:: EXERCISE REQUIREMENTS ::
Using the data that follows, give again word for word the lines between the one holding "în perioada 1894—1916" and the one holding "Νικόλαος Γύζης, Η", inclusive. Omit the pictures.

━━━ TASK INPUTS

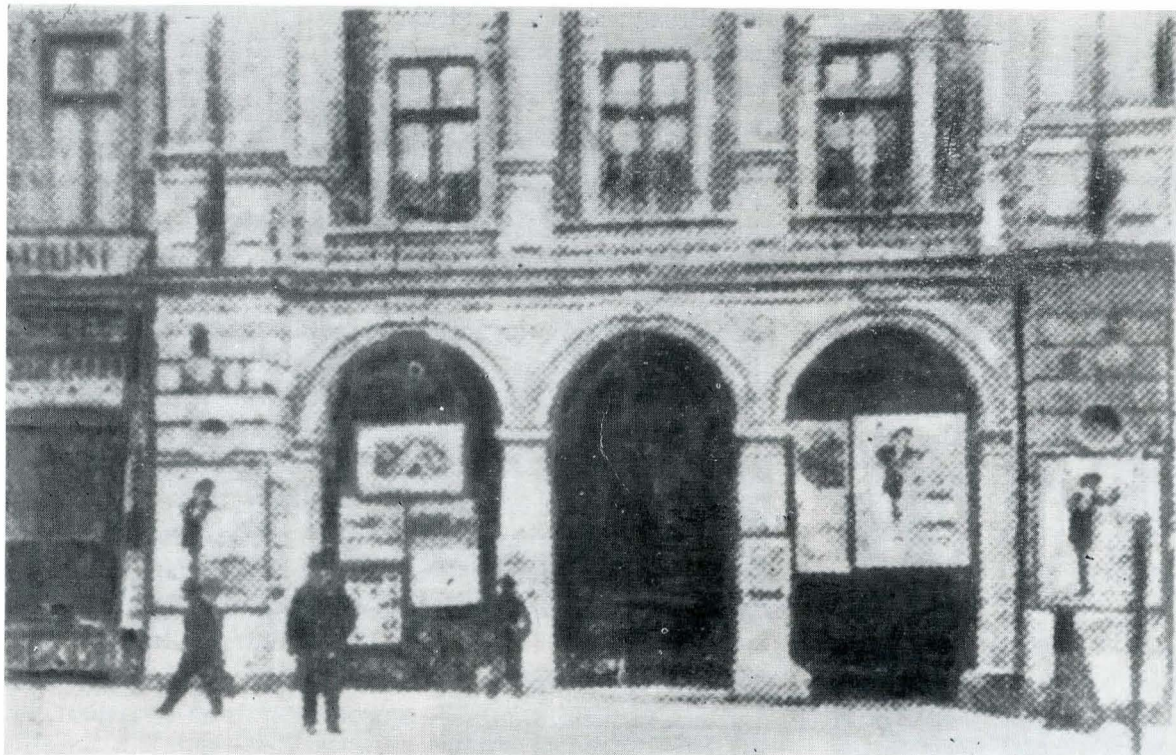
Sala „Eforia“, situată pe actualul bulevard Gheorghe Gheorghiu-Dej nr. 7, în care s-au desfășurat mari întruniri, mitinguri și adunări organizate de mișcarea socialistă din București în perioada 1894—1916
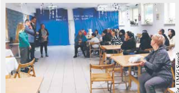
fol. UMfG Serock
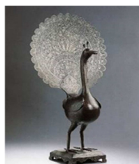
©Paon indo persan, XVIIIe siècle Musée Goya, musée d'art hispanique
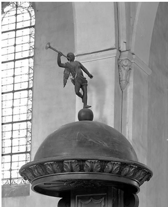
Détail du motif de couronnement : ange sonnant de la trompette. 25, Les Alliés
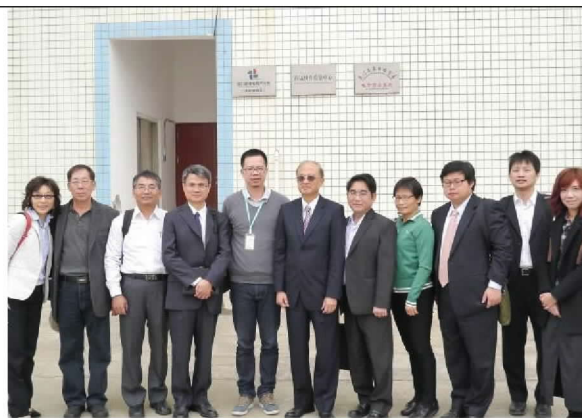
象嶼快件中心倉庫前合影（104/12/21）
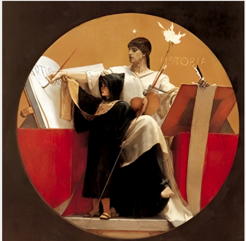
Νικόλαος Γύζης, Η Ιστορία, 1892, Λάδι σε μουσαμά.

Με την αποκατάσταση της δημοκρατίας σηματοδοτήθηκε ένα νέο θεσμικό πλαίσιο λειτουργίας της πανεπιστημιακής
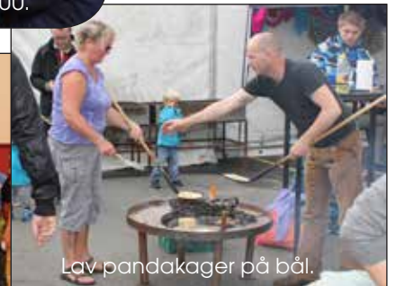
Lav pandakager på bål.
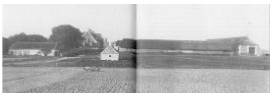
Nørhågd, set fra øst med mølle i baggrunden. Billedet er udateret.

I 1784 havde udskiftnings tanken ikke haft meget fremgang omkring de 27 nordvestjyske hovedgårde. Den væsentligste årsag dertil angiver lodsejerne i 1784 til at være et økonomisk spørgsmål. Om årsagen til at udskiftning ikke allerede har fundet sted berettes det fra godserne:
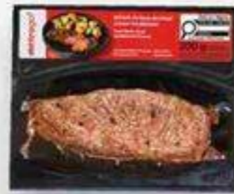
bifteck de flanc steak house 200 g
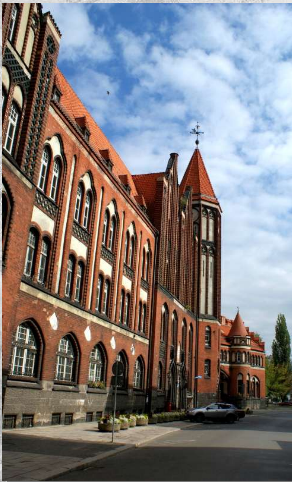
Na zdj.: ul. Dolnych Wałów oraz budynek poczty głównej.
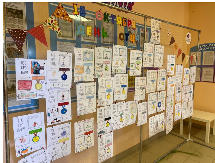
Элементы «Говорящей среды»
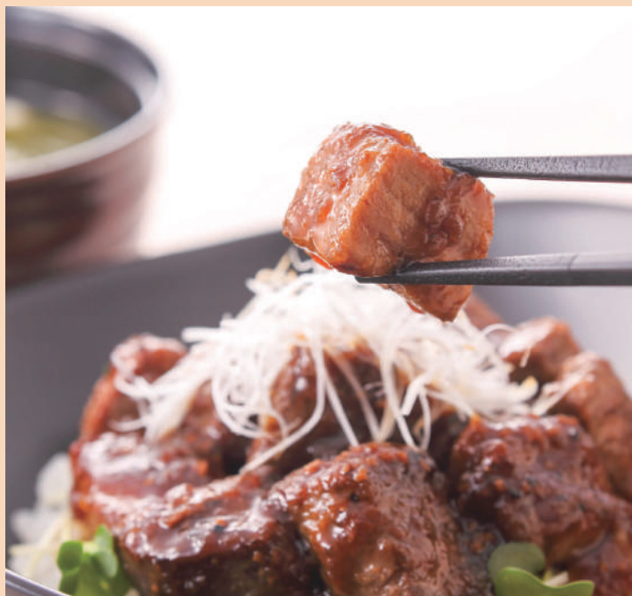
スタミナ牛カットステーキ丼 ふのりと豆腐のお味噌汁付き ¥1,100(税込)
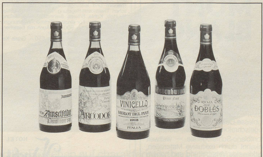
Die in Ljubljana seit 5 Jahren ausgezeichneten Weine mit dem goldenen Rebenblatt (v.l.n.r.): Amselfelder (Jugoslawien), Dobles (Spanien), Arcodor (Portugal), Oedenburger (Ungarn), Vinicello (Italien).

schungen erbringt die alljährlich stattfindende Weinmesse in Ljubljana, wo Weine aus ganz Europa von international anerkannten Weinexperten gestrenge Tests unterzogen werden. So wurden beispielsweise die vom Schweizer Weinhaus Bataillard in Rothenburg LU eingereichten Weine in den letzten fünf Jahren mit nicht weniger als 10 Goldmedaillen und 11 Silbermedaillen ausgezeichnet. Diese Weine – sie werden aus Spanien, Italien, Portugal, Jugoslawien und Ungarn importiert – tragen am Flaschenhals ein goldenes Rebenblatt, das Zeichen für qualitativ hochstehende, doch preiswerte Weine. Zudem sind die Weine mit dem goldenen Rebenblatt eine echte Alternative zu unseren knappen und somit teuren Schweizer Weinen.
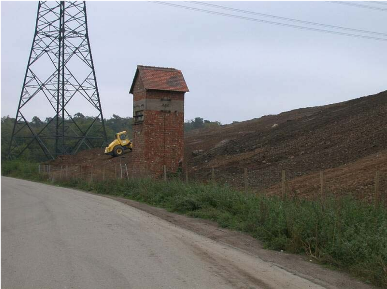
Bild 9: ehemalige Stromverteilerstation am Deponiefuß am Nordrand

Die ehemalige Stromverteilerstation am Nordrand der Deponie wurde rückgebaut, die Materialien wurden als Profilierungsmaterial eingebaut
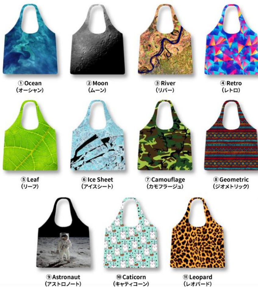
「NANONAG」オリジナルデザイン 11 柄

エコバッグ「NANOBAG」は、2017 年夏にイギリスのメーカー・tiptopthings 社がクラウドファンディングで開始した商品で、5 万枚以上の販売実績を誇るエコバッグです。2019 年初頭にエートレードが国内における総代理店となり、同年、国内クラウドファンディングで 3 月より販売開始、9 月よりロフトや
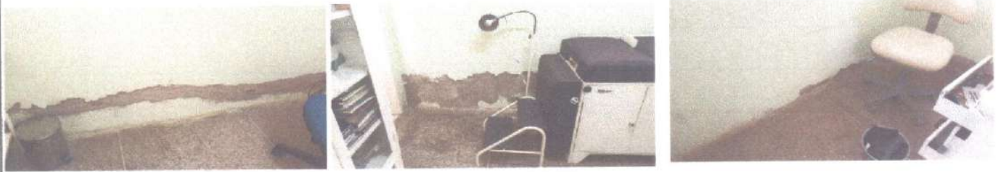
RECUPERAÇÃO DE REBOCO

━━━━━━
━━━ TASK INPUTS

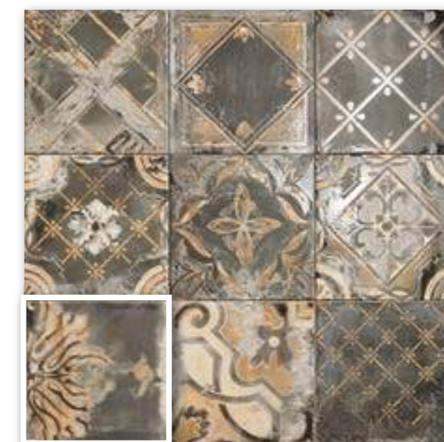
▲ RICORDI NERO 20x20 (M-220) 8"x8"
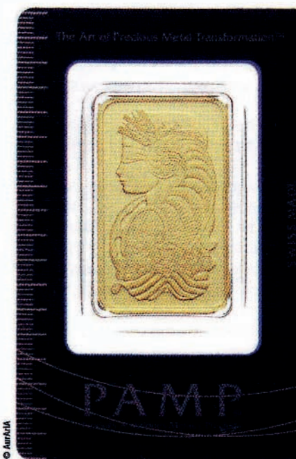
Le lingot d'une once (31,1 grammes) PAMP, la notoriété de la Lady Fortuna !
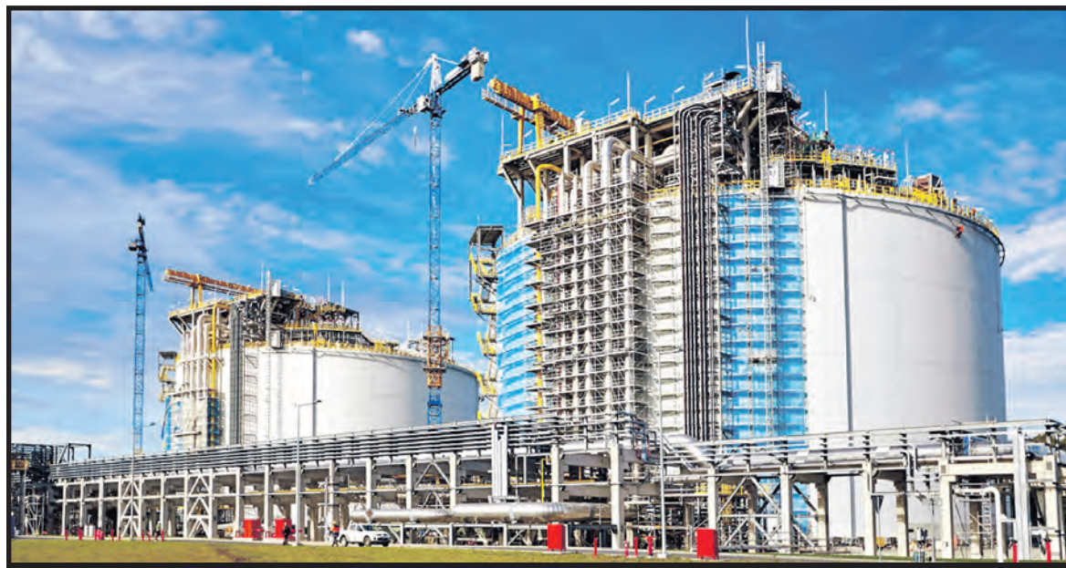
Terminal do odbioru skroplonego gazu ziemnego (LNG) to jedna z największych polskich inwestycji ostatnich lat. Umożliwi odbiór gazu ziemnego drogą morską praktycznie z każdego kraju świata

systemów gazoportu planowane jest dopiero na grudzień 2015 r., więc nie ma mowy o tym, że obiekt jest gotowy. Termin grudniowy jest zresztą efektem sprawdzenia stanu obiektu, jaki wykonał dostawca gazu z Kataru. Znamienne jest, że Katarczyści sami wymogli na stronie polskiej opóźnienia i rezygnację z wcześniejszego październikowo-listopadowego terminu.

━━━━━━

:: ANSWER SPACE ::
Sala „Eforia“, situată pe actualul bulevard Gheorghe Gheorghiu-Dej nr. 7, în care s-au desfășurat mari întruniri, mitinguri și adunări organizate de mișcarea socialistă din București în perioada 1894—1916
fol. UMfG Serock
©Paon indo persan, XVIIIe siècle Musée Goya, musée d'art hispanique
Détail du motif de couronnement : ange sonnant de la trompette. 25, Les Alliés
象嶼快件中心倉庫前合影（104/12/21）
Νικόλαος Γύζης, Η Ιστορία, 1892, Λάδι σε μουσαμά.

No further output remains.